JSON input only for new MIPs

If you only need to run the color depth search for some new MIPS that have been added to the library you can do that using the following command:

java \
    -jar target/colormipsearch-2.8.0-jar-with-dependencies.jar \
    createColorDepthSearchJSONInput \
    --jacsURL http://goinac-ws1.int.janelia.org:8800/api/rest-v2  \
    --authorization "Bearer tokenvalue" \
    -l flylight_split_gal4_published \
    -od local/testData/mips \
    --output-filename new_splitgal4_published \
    --excluded-mips local/testData/mips/existing_splitgal4_published.json

The command assumes that "local/testData/mips/existing_splitgal4_published.json" is a JSON file that contains the metadat for all MIPs that you don't need to compute and it will put the MIPs that require color depth search in the "new_splitgal4_published.json" ("--excluded-mips" argument) under "local/testData/mips" directory ("-od" argument)

"createColorDepthSearchJSONInput" also supports an "--excluded-libraries" which checks the case in which a MIP is part of multiple libraries and if it is part of any library specified in the --excluded-lubraries list then the MIP will not be included in the output JSON.

Step 1': Replace image URLs

Sometime the image URLs need to be replaced with image URLs that reference MIPs generated with a different gamma value that are better suited for viewing the matched regions. Image URLs can be updated at any time but the sooner we apply this the fewer files that need to be updated downstream.

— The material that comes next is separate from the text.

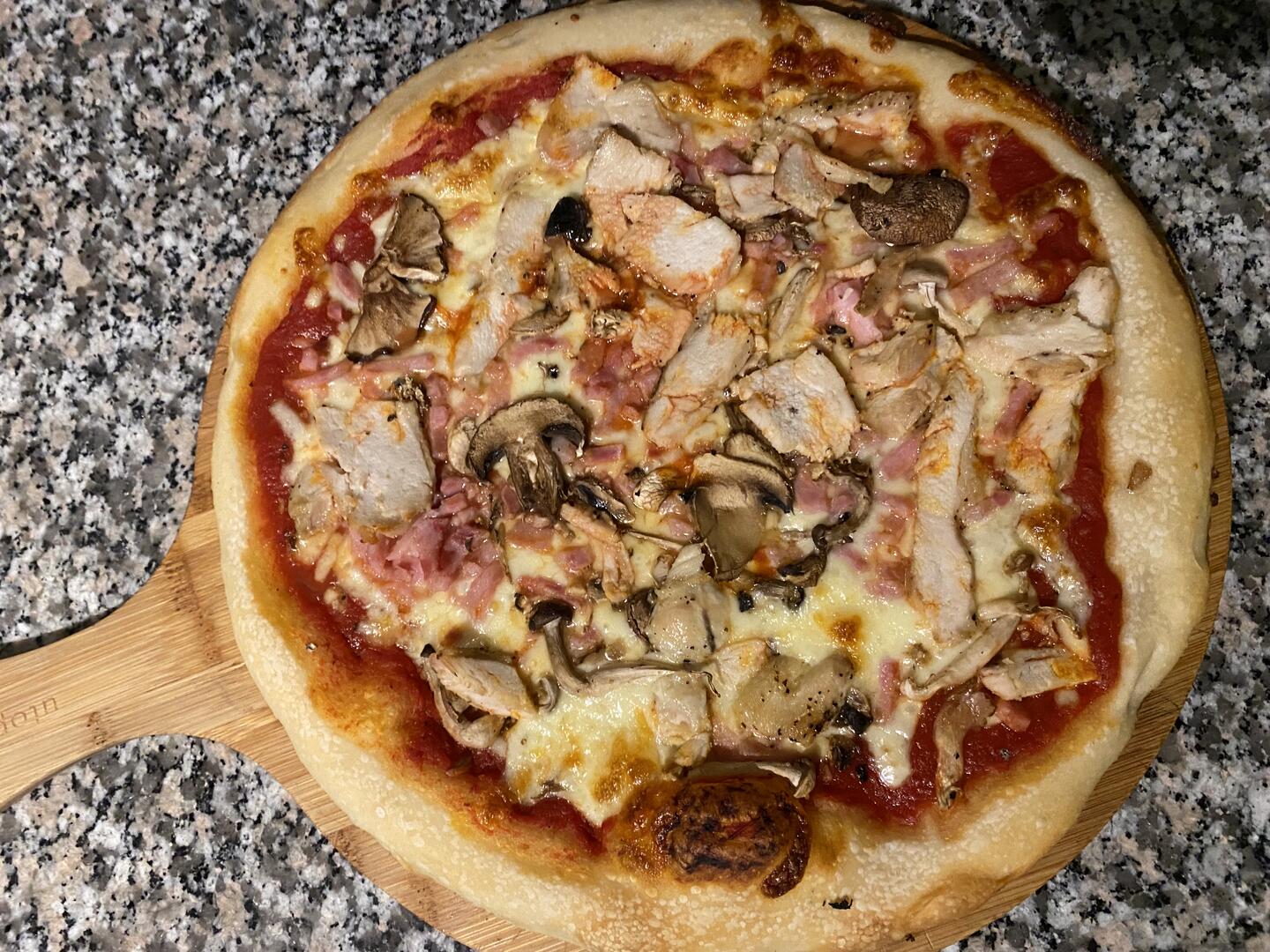 Tomato sauce, mozzarella cheese, grilled chicken, ham and mushrooms.

This step requires a JSON file that contains the new image URLs that will replace the ones that are set in the JSON created from 'flylight_gen1_mcfo_published' library. The new URLs for example could come from the MIPs generated with a different gamma value. There are two sets of JSON files that will have to have the imageURLs update:

  • the MCFO lines will have to be changed to reference the new URLs
  • the EM to MCFO color depth search results reference the image of the MCFO MIP that matches the EM MIP entry, so these will have to be updated to reference the new URL.
java \
    -jar target/colormipsearch-2.8.0-jar-with-dependencies.jar \
    createColorDepthSearchJSONInput \
    --jacsURL http://goinac-ws1.int.janelia.org:8800/api/rest-v2 \
    --authorization "Bearer tokenvalue" \
    -l flylight_gen1_mcfo_case_1_gamma1_4 \
    -od local/testData/mips

Update image URLs for the lines:

java \
    -jar target/colormipsearch-2.8.0-jar-with-dependencies.jar \
    replaceAttributes \
    -attrs local/testData/mips/flylight_gen1_mcfo_case_1_gamma1_4.json \
    --input-dirs local/testData/mips/gen1_mcfo_lines \
    --id-field id \
    --fields-toUpdate imageURL thumbnailURL \
    -od local/testData/mips.gamma1.4/gen1_mcfo_lines

Update image URLs for the input MIPs:

java \
    -jar target/colormipsearch-2.8.0-jar-with-dependencies.jar \
    replaceAttributes \
    -attrs local/testData/mips/flylight_gen1_mcfo_case_1_gamma1_4.json \
    --input-file local/testData/mips/flylight_gen1_mcfo_published.json \
    --id-field id \
    --fields-toUpdate imageURL thumbnailURL \
    -od local/testData/mips.gamma1.4

This step can also be applied later to replace the imageURLs in the result files. As a reminder the imageURLs in the result files reference the matched image so the field that we lookup for a match is "matchedId"

java \
    -jar target/colormipsearch-2.8.0-jar-with-dependencies.jar \
    replaceAttributes \
    -attrs local/testData/cdsresult/flylight_gen1_mcfo_case_1_gamma1_4.json \
    --input-dirs local/testData/cdsresults.merged/flyem_hemibrain-vs-flylight \
    --id-field id  \
    --fields-toUpdate imageURL thumbnailURL \
    -od local/testData/cdsresults/flyem_hemibrain.gamma1_4

Step 2: Compute color depth matches

Even though this process is run only once it outputs two sets of result files: one for the EM -> LM results and one for the LM -> EM results, indexed by the EM mip IDs or LM mip IDs respectively.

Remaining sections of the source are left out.